Thailand’s baht dropped for the first time in more than a week amid concern the central bank will intervene to slow the pace of appreciation that may hurt exports. Government bonds were little changed.

The currency has advanced 5.2 percent this year, the best performance in Asia, and gained beyond 29 per dollar this week for the first time since 1997. Bank of Thailand Governor Prasarn Trairatvorakul said yesterday that Prime Minister Yingluck Shinawatra has voiced concerns about the strength of the baht and its impact on exporters, and said the central bank will closely monitor the moves. The Bank of Japan (8301) last week announced 7.5 trillion yen ($75 billon) of bond buying a month.

“Amid continued appreciation pressure on the Asian currencies, the baht’s gains are stalled for now with some concerns about intervention,” said Hideki Hayashi, a researcher at the Japan Center for Economic Research in Tokyo. “With monetary easing by central banks in developed nations, funds are flowing into the bonds in the region where currency appreciation is expected.”

The baht fell 0.2 percent to 29.07 per dollar as of 8:53 a.m. in Bangkok, according to data compiled by Bloomberg.

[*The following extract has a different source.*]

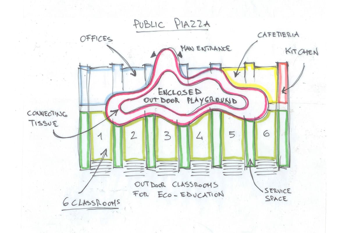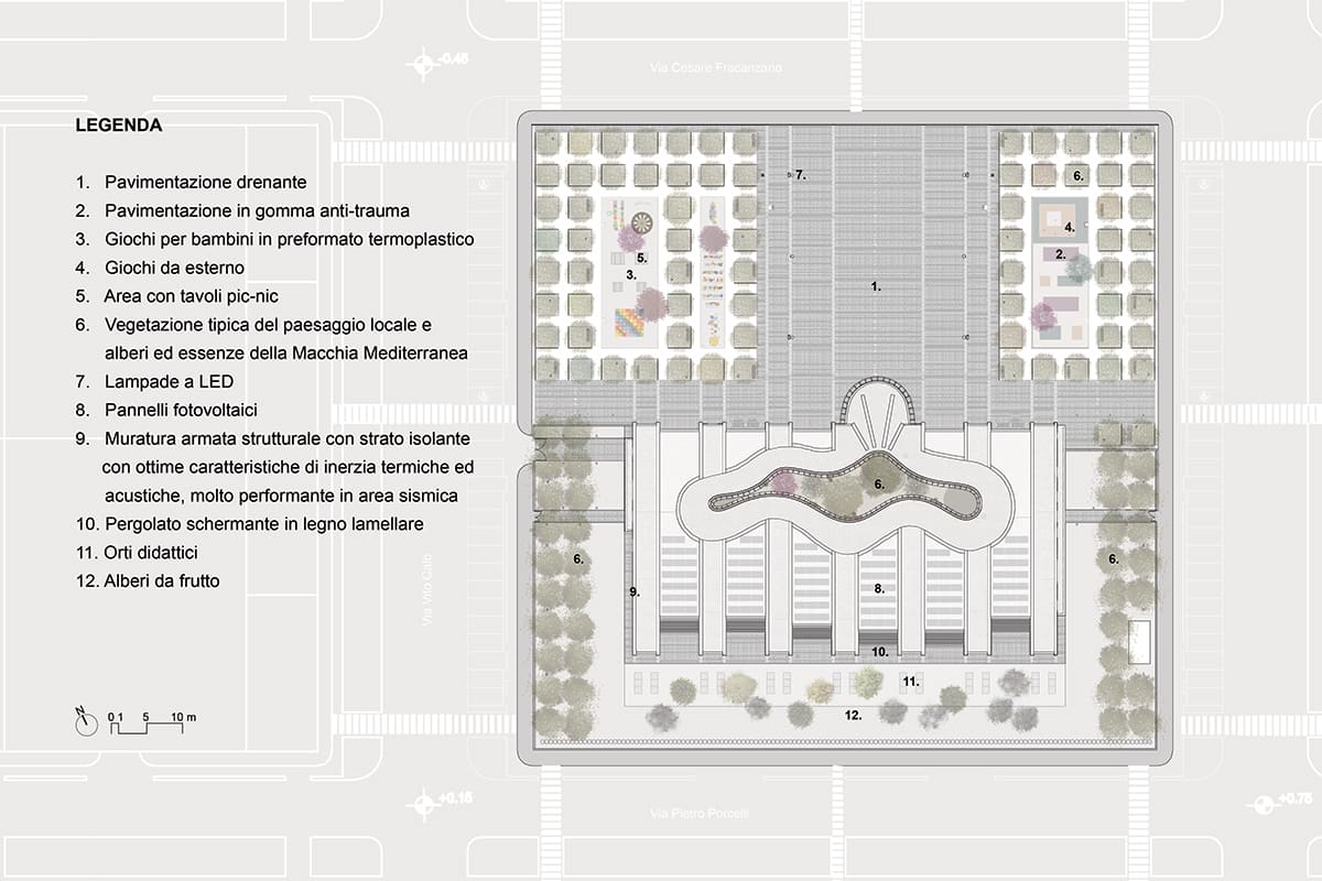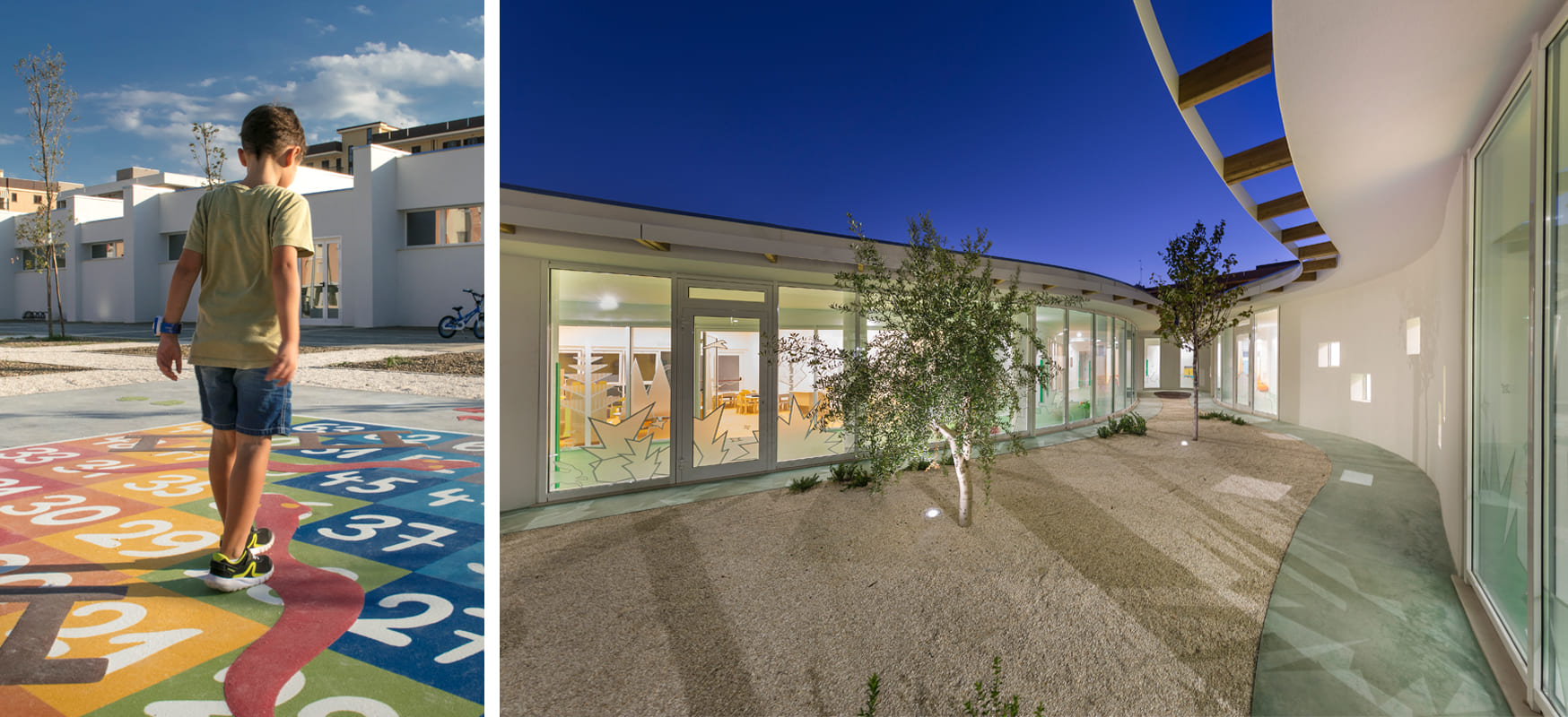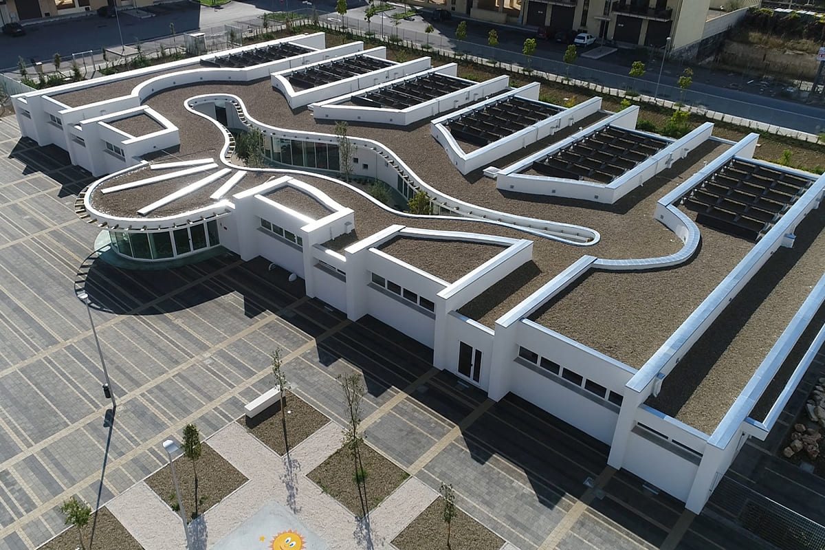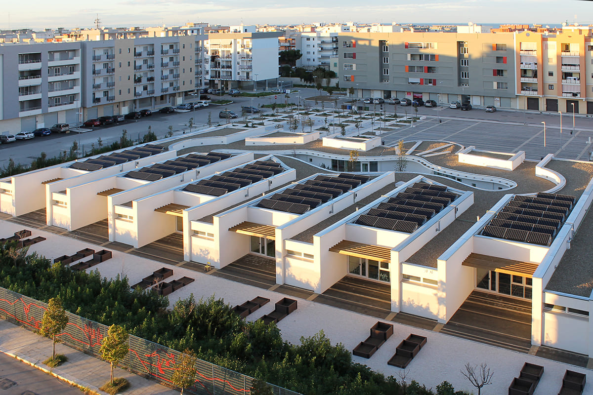 L’edificio, nato dal concorso per la realizzazione di una scuola materna e di una piazza pedonale indetto dal Comune di Bisceglie, è frutto di un lavoro interdisciplinare.

It touched 28.88 yesterday, the strongest level since a devaluation in July 1997 that sparked the Asian financial crisis. One-month implied volatility for the baht, a measure of expected moves in the exchange rate used to price options, dropped four basis points, or 0.04 percentage point, to 5.29 percent.

Global funds bought $1.1 billion more Thai sovereign debt than they sold this month through yesterday, taking this year’s net purchases to $11 billion, according to Thai Bond Market Association data. That compares with $31 billion of inflows in the whole of 2012.

The yield on the 3.625 percent government bonds June 2023 was little changed at 3.44 percent, the lowest level since Nov. 5, data compiled by Bloomberg show.